Theoretical Implications and Future Directions

The introduction of SFM has several theoretical implications:

• Riemannian Geometry in Generative Modeling: By considering the Riemannian structure of statistical manifolds, this framework opens new avenues for exploring the geometric properties of probability distributions in generative tasks.
• Exact Likelihood Calculation: The capability to compute exact likelihoods provides a significant advantage, particularly for models where precise probabilistic interpretation is crucial.
• Optimal Transport: The application of optimal transport within this framework suggests potential improvements in training efficiency and performance by aligning noise distributions with target samples more effectively.

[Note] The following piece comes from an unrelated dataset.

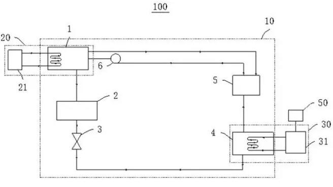 摘要顯示,本專利中車輛熱管理系統(tǒng)包括吸收式制冷系統(tǒng);第一熱管理部件用于調(diào)節(jié)發(fā)動(dòng)機(jī)和/或電機(jī)的溫度,與吸收式制冷系統(tǒng)的發(fā)生器連接;第二熱管理部件用于調(diào)節(jié)動(dòng)力電池的溫度,與吸收式制冷系統(tǒng)的蒸發(fā)器連接。第一熱管理部件為第一散熱盤管,該散熱盤管用于與發(fā)動(dòng)機(jī)和/或電機(jī)接觸換熱。本申請(qǐng)實(shí)施例的車輛熱管理系統(tǒng)合理利用發(fā)動(dòng)機(jī)和/或電機(jī)的熱量調(diào)節(jié)動(dòng)力電池的溫度,提高動(dòng)力電池的安全性能,提升車輛的續(xù)航里程。

The paper speculates that future research could extend SFM to other statistical manifolds where closed-form geodesics are available, thus broadening its applicability. Additionally, investigating the application of this geometric approach in more complex generative tasks and higher-dimensional data could be a promising direction.

Conclusion

Statistical Flow Matching presents a novel approach to discrete generative modeling by integrating information geometry and Riemannian structures into the framework. By focusing on the intrinsic geometric properties of statistical manifolds, SFM achieves a higher quality of sampling and likelihood estimation than existing discrete diffusion or flow-based models. The results indicate that considering the true geometry of probability distributions can lead to more accurate and stable generative models, providing a new perspective for future developments in generative AI.